Trina Solar Limited (NYSE: TSL) received a combined effective net rate tariff of 23.75 percent, comprised of AD duties of 18.32 percent and CVD duties of 15.97 percent, of which an export subsidy of 10.54 percent is subtracted from the AD duties calculation to avoid double application. Trina Solar continues to actively defend its position before the International Trade Commission ("ITC"), which in November of 2012 is expected to make separate determinations of economic injury as well as critical circumstances before the AD/CVD duties can be imposed. "While we disagree with the Department of Commerce's conclusions in this case, we will abide by their decision and look forward to the ITC's final ruling on this issue in November," said Jifan Gao, Chairman and Chief Executive Officer of Trina Solar. 

 

Canadian Solar (Nasdaq: CSIQ), received a ruling of anti-dumping duties (AD) of 15.42% and countervailing duties (CVD) of 15.24% on c-Si PV cells made by Canadian Solar in China. The DOC also confirmed the scope of the trade investigation was limited to silicon photovoltaic cells made in China whether or not they are assembled into modules, and upheld its opinion on critical circumstances which imposes retroactive CVD/AD up to 90 days from the date of the preliminary determinations. "While we are disappointed with the DOC final determination, we will continue to defend our position with the ITC ahead of its final determination in November. We will also remain committed to the U.S. solar energy market, leveraging our global supply-chain to provide fairly priced solar energy solutions, to support our employees, partners and customer base," said Canadian Solar CEO Dr. Shawn Qu.

 

We've written on some of the collateral damage and unintended consequences caused by the ruling and critical circumstances to vendors building products such as small PV-powered lamps for the third world. It appears from the following passage that Commerce excepted those types of products:  

"Also excluded from the scope of these investigations are crystalline silicon photovoltaic cells, not exceeding 10,000 mm2 in surface area, that are permanently integrated into a consumer good whose function is other than power generation and that consumes the electricity generated by the integrated crystalline silicon photovoltaic cell.
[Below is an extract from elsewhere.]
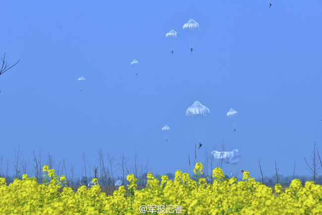 空降兵某部组织伞降训练 伞花油菜花竞相“盛开”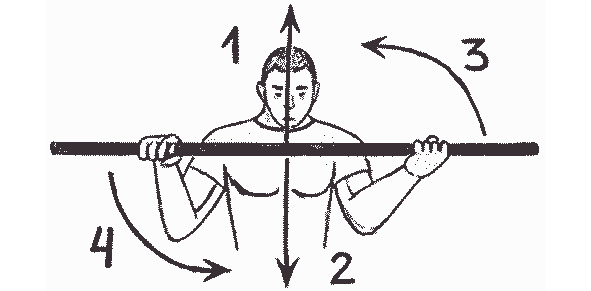 рисунок 11- Глухая защита шестом: Выставив шест перед собой в горизонтальном положении, блокируем удары вражеских рук на высоком уровне и/или удары ногой на низком уровне, перемещая шест вверх (1) и вниз (2). Путем поворачивания шеста блокируем боковые атаки справа и слева (3,4).

Where more than one cell is permanently integrated into a consumer good, the surface area for purposes of this exclusion shall be the total combined surface area of all cells that are integrated into the consumer good."

 

And finally, Shayle Kann, the VP of Research at GTM Research, notes, "The ITC still has to make its final determination in November on the issue of injury. If the ITC determines that there was no injury, the whole case is thrown out. So whatever DOC determines today should still be considered somewhat preliminary until then."